Nach 25 Jahren, das ist nicht nur ein Grund zum Feiern wegen des Jubiläums, ist es auch ein Grund, genau daraufzuschauen, ob sich in den letzten 25 Jahren nicht die Lebenslagen vieler Familien so verändert haben, dass dieses Programm auch an die heutige Zeit angepasst werden muss. Davon bin ich fest überzeugt. Es gibt durchaus zaghafte Ansätze im Sozialressort, das wirklich einmal komplett zu evaluieren und sich einmal richtig mit Schmackes dort heranzusetzen und zu sagen: Beim Bremer Familienhebammenmodell 2006 müssen wir ein wenig nachtunen, da müssen wir vielleicht neue Sachen mit hineinnehmen, da brauchen wir vielleicht andere Sachen auch nicht mehr, so dass man sich ernsthaft mit dem Bremer Familienhebammenmodell auseinandersetzt mit dem Ziel, es konzeptionell und natürlich auch personell zukunftsfähig zu machen. Das wäre eigentlich zu diesem Zeitpunkt angeraten, ganz losgelöst von der Debatte um das Pfeifersche Programm; es ist einfach eine Zustandsbeschreibung.

Jetzt kommt aber genau zu diesem Zeitpunkt – wo wir im Übrigen, ich habe das gerade angesprochen mit dem Personal, noch 5,5 Vollzeitstellen in Bremen und 3,5 Vollzeitstellen in Bremerhaven haben, wo jedes Jahr nur ungefähr 170 bis maximal knapp 200 neue Fälle von den Stadtbremer Familienhebammen aufgenommen werden können, wo wir also auch sagen, dort sind bestimmt die Bedarfe auch noch größer als das Angebot – dieses Bundesmodell, und ich glaube, es ist doch relativ klar, das können wir uns doch auch alle vorstellen, was passieren wird: Es gibt also ein Bundesprogramm, das mit viel Bundesgeld hierher kommt, das von jetzt auf gleich auf die Schiene gesetzt, mit einem relativ hohen Personalstandard laufen und wissenschaftlich auch komplett evaluiert

wird.
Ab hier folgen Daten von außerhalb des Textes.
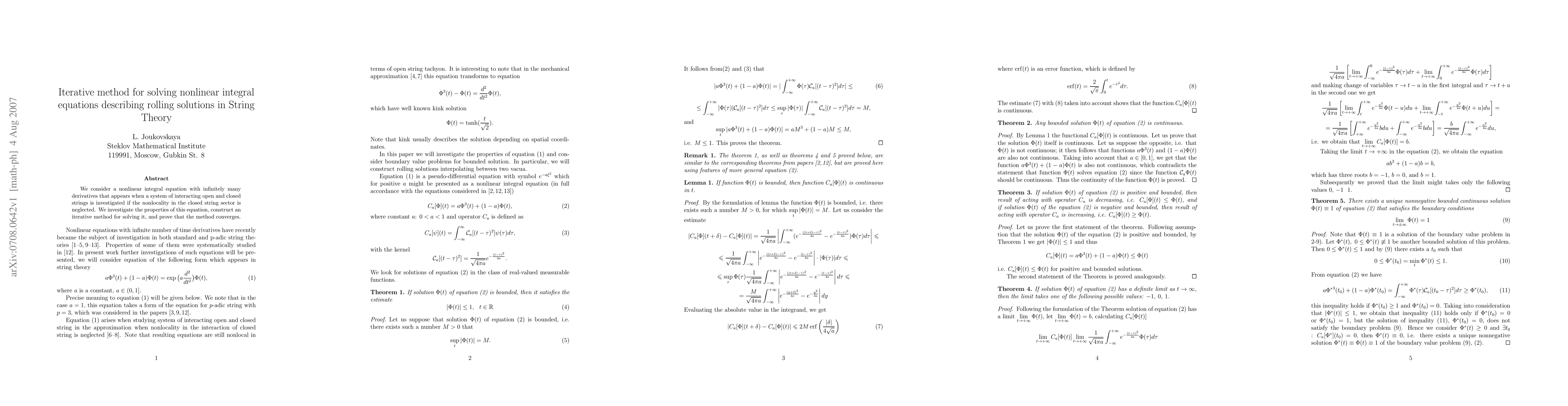 A new method for solving a nonlinear integral equation is presented to describe rolling solutions in String Theory, demonstrating convergence and providing insights into the system's properties.

Auf der anderen Seite haben wir das Bremer Familienhebammenmodell, das eben nicht evaluiert ist, in den letzten Jahren personell immer weiter abgeflacht ist, wo es immer weniger Mitarbeiter gibt. Was wird denn passieren? Man kann, glaube ich, in Bremen, in dieser kleinen Kommune, wenn überhaupt in irgendeiner Kommune, nicht 2 Modelle, die im Grunde das gleiche Ziel haben, aber es auf völlig unterschiedliche Weise verfolgen, parallel durchführen und nach Möglichkeit auch noch beide weiterentwickeln. Ich glaube, das funktioniert nicht. Da muss man sich entscheiden. Man kann nicht immer sagen: Das machen wir beides, Hauptsache, es wird von jemand anderem bezahlt, sondern es geht dann auch einmal darum, sich zu entscheiden.